Looks great! I'm digging it.


----------



## backwaterbandits (Dec 15, 2006)

Very, very nice!


----------



## mark_gardner (Mar 18, 2009)

ok i'm not too stoked about the double spring loaded turn buckle   i'm thinking something better needs to happen there, just one would be better but looks like you have the crustacean well so this might be a challange to come up with a better design :-/ but i agree it does look clean and so far everything that strongarm has put out is first class work at it finest


----------



## locobros (Dec 26, 2006)

;-) I wouldn't expect anybody to be stoked or amazed by the spring on the turnbuckle. That was my idea as I had a few mishaps using turnbuckle tie down kits on coolers... lets just say I have had my share of different kinds of stainless steel screws pop out the fiberglass on many occasions ;-). The spring adds more elasticity, flexibility, and is still very stable.


----------



## mark_gardner (Mar 18, 2009)

> ;-) I wouldn't expect anybody to be stoked or amazed by the spring on the turnbuckle. That was my idea as I had a few mishaps using turnbuckle tie down kits on coolers... lets just say I have had my share of different kinds of stainless steel screws pop out the fiberglass on many occasions ;-). The spring adds more elasticity, flexibility, and is still very stable.



its not neccessarily the two springs that bother me but just a lot of hardware for whats really needed, kinda over kill imo but not to worrry as i'll come up with a good idea and shoot it to bob for final approval  just trying to make it better than it has too be


----------



## locobros (Dec 26, 2006)

No problem bro. I respect your opinion... be my guest and figure something out better. I'll be interested to try your method once you figure it out. 

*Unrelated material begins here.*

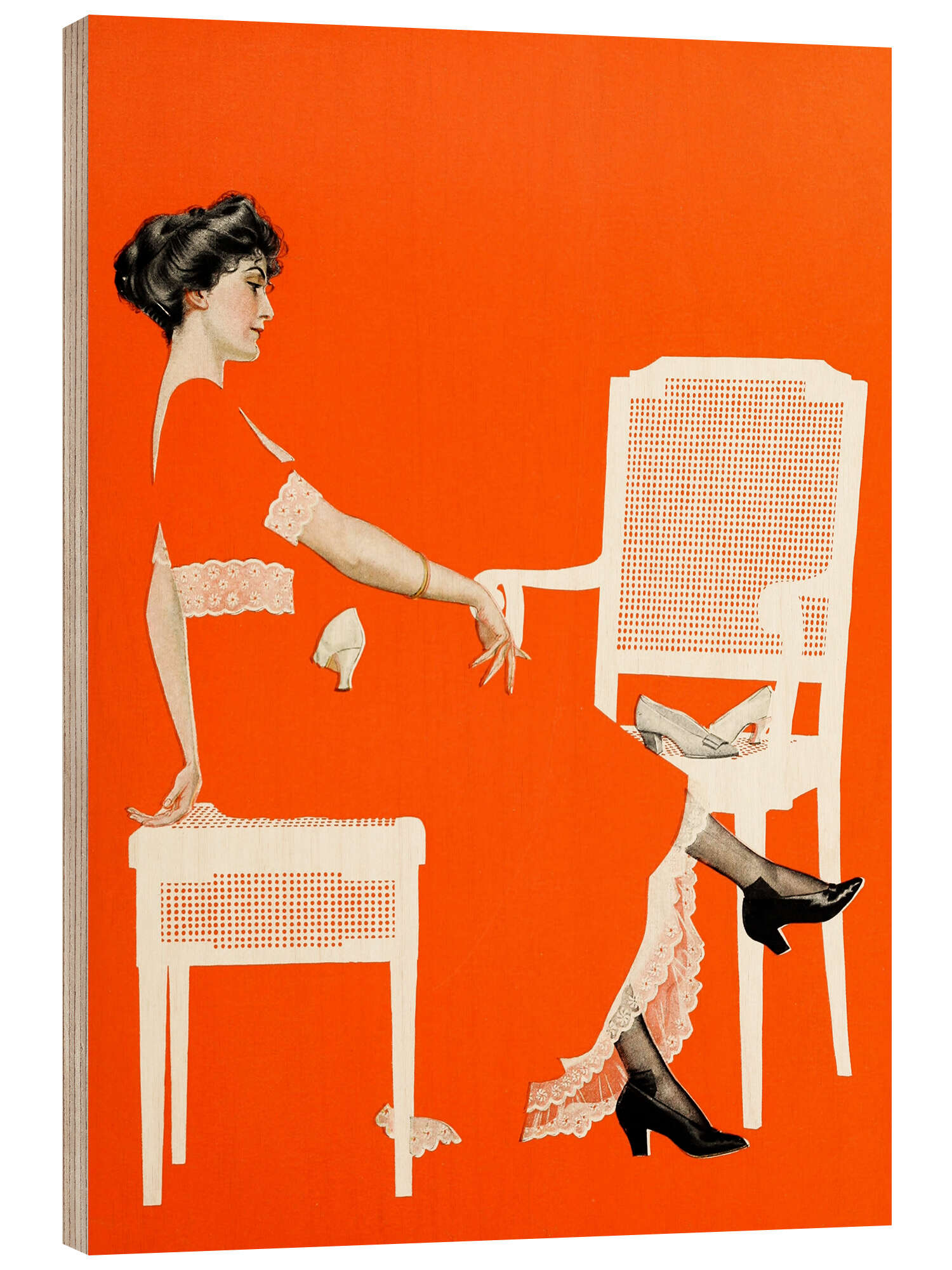 Posterlounge   Wandbilder   Orange   Clarence Coles Phillips   Holzbild Dame bei der Schuhanprobe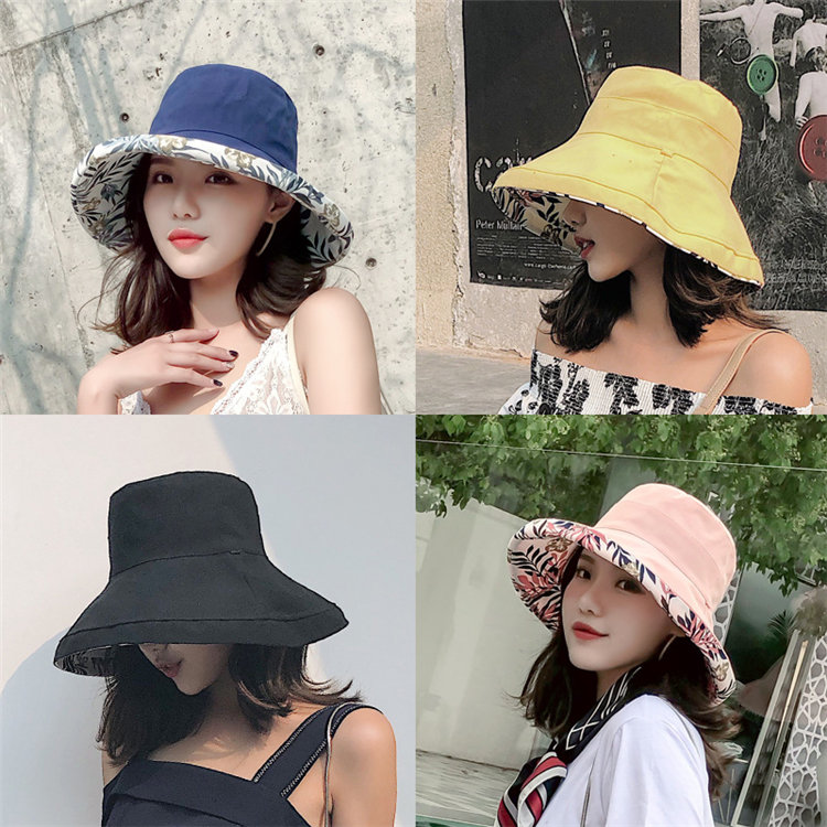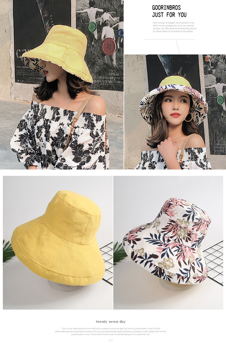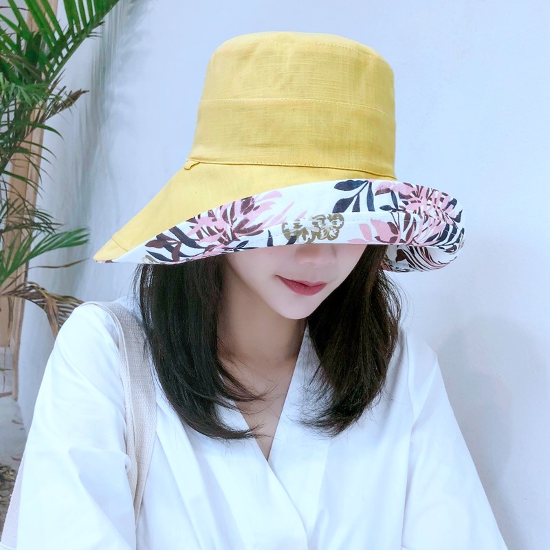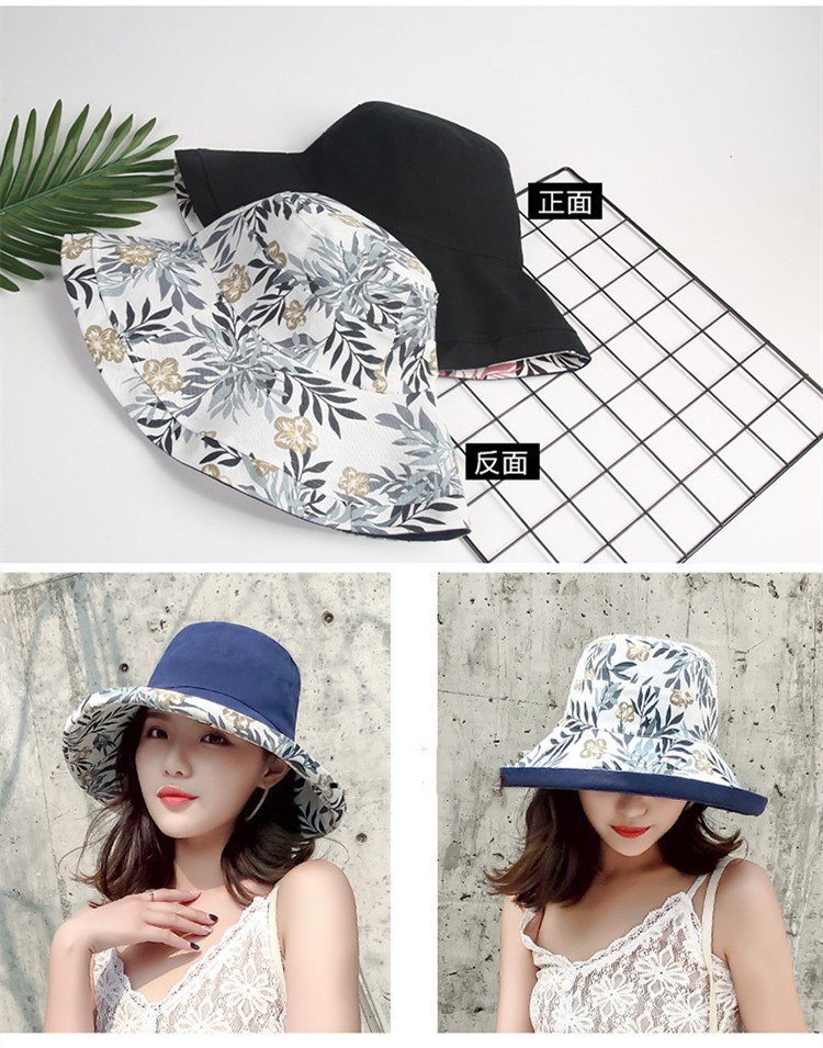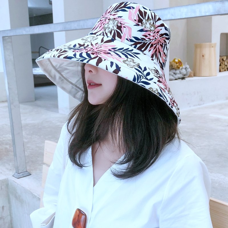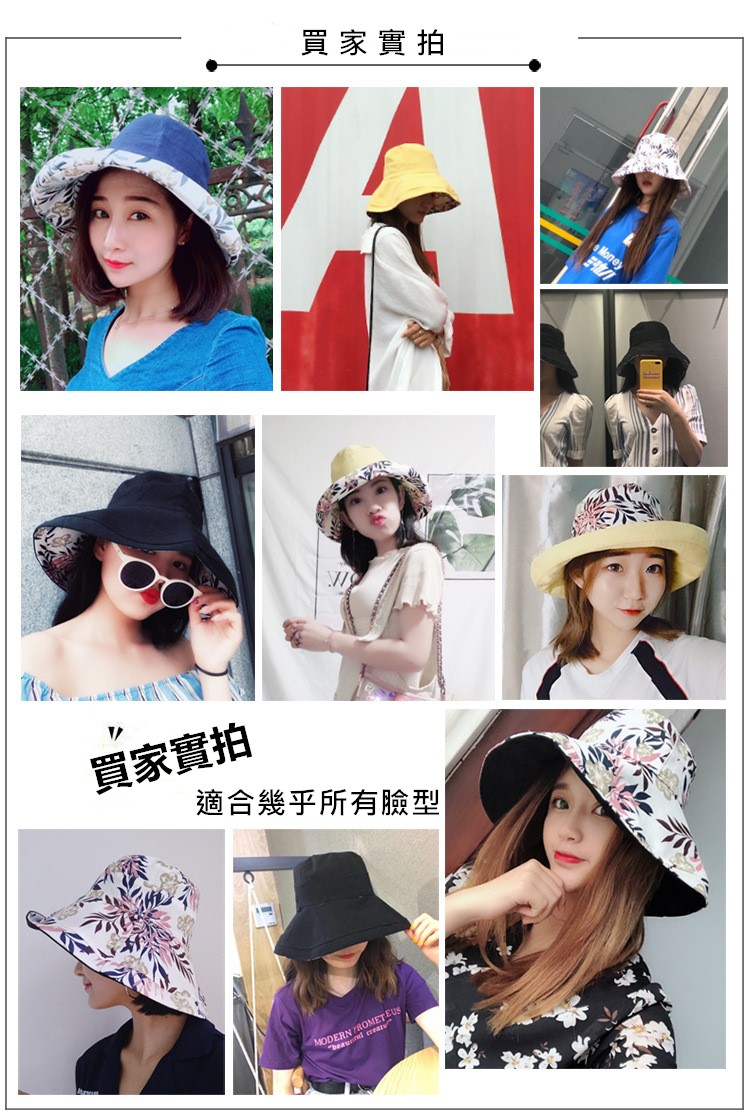 【印花雙面可戴】【大帽簷】【紫外線阻隔】【折疊好收納】超美日系雙面大帽簷純棉舒適透氣防曬漁夫帽

Meanwhile I'm perfectly happy with the way I set up the platform... seeing that safety is a priority for me... falling into some gator infested waters just because screws pulled out the fiberglass doesn't work too well with me ;-)


----------



## mark_gardner (Mar 18, 2009)

looks like the mount point at the fiberglass is the weak link so we'll need to find a way to solve that little issue :-/ any way to access the back side?


----------



## pbjeep (Feb 14, 2009)

why don't you plexus some aluminum flat bar with beveled edges to the deck and then glass over it. If done right it would look clean and be snag free. The flat bar can be drilled and tapped. the gel coat to match. 

Or 

Whip out the core and pour a slurry of resin, milled fiber and aerosil in the stripped holes. allow it cure and then redrill. 

The glass is not the weak link, the foam or wood core is the weak link with little to no holding strength for the threads of the screws, plus the fiber glass skin is very thin most likely.


----------



## locobros (Dec 26, 2006)

I could re-fill the holes with some resin, but i've injected some epoxy in those holes and the screws are currently in those holes at the time being. 

I've got a low deck so theres no way to access the backside... I am planning on getting a raised deck glassed in, but not too sure when I would be getting it since time has been my enemy for a while ;-)

Thanks for your ideas, much appreciated!


----------